Provided data —

▬▬▬

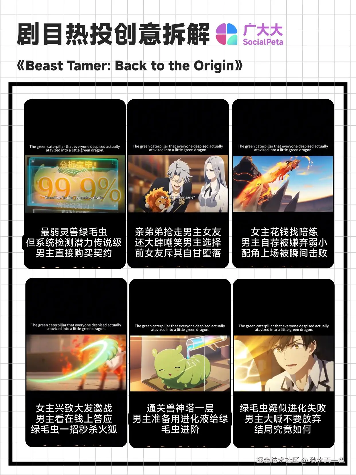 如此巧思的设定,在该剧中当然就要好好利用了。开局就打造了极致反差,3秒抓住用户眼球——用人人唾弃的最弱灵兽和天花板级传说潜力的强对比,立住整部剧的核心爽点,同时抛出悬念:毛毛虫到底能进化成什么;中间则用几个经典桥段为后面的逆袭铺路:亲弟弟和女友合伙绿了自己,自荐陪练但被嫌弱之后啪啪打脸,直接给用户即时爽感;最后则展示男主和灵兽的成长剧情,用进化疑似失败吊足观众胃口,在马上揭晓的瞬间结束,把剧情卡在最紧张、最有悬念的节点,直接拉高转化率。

▬▬▬

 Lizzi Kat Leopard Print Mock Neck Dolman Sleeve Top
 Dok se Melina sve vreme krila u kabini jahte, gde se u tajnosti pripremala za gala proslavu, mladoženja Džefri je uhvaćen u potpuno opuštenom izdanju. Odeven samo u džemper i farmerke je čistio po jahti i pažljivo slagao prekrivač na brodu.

▬▬▬

What you should do — Take the lines above from the one containing "Lizzi Kat Leopard" down to the one containing "Dok se Melina", and transcribe them exactly, both ends included.

Solution to this exercise —
 Lizzi Kat Leopard Print Mock Neck Dolman Sleeve Top
 Dok se Melina sve vreme krila u kabini jahte, gde se u tajnosti pripremala za gala proslavu, mladoženja Džefri je uhvaćen u potpuno opuštenom izdanju. Odeven samo u džemper i farmerke je čistio po jahti i pažljivo slagao prekrivač na brodu.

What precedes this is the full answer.